> [Task requirements] Exact reproduction required: the lines below from the line with "можности трансполярных полетов" to the line with "將草莓、芒果切塊,奧利奧錘碎", both ends included, and no others.

> [Supplied information]
==================================================

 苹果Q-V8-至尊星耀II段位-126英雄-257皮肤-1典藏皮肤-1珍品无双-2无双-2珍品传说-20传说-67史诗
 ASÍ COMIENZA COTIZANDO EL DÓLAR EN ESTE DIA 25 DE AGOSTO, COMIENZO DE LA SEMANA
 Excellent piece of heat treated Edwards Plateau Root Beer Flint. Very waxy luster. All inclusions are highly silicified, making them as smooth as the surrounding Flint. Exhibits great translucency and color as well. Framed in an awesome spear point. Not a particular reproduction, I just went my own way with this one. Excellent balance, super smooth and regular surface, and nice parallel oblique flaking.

==================================================

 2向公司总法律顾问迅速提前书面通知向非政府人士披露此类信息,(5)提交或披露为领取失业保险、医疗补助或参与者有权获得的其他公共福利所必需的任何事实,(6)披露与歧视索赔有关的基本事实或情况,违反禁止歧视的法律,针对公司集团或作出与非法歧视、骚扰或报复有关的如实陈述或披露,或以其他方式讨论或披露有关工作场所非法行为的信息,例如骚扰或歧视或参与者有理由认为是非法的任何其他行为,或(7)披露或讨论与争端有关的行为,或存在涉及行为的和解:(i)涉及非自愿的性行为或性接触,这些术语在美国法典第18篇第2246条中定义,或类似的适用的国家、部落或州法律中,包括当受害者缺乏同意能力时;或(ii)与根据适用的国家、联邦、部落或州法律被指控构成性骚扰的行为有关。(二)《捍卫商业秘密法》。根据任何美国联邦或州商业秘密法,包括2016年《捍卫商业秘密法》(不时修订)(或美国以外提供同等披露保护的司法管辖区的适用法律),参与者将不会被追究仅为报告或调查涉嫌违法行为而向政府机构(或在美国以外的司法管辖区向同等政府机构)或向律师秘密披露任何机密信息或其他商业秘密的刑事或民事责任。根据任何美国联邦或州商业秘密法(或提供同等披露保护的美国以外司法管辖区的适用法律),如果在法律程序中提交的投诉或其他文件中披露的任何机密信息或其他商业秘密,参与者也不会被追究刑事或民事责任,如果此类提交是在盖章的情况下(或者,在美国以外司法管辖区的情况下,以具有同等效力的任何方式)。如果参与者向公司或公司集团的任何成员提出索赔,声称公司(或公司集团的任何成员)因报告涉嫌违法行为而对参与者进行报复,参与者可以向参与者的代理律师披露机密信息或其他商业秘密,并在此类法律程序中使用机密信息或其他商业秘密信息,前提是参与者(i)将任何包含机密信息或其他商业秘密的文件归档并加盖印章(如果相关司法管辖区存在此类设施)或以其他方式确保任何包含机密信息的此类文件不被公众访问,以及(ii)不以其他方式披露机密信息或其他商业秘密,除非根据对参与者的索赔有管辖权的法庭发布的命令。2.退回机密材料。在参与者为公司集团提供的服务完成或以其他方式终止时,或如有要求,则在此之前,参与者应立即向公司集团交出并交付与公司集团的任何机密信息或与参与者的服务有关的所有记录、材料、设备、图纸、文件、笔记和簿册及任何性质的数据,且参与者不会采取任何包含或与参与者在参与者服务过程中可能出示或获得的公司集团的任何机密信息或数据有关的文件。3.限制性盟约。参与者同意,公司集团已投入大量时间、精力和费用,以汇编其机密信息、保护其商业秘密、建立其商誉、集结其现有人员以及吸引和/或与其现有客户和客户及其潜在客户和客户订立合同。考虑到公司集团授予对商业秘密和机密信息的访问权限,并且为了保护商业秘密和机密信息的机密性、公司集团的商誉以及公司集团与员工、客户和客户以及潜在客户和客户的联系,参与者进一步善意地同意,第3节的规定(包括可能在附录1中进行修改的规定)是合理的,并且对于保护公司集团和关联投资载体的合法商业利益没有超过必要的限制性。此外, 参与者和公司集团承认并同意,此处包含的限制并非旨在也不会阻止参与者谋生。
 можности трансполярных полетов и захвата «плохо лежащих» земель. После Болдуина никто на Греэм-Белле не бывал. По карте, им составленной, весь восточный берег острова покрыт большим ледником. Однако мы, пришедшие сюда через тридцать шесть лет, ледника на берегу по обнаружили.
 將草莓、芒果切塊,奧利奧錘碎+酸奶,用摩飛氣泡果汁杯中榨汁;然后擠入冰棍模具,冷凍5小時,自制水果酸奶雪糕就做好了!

==================================================

> [Answer area]
 можности трансполярных полетов и захвата «плохо лежащих» земель. После Болдуина никто на Греэм-Белле не бывал. По карте, им составленной, весь восточный берег острова покрыт большим ледником. Однако мы, пришедшие сюда через тридцать шесть лет, ледника на берегу по обнаружили.
 將草莓、芒果切塊,奧利奧錘碎+酸奶,用摩飛氣泡果汁杯中榨汁;然后擠入冰棍模具,冷凍5小時,自制水果酸奶雪糕就做好了!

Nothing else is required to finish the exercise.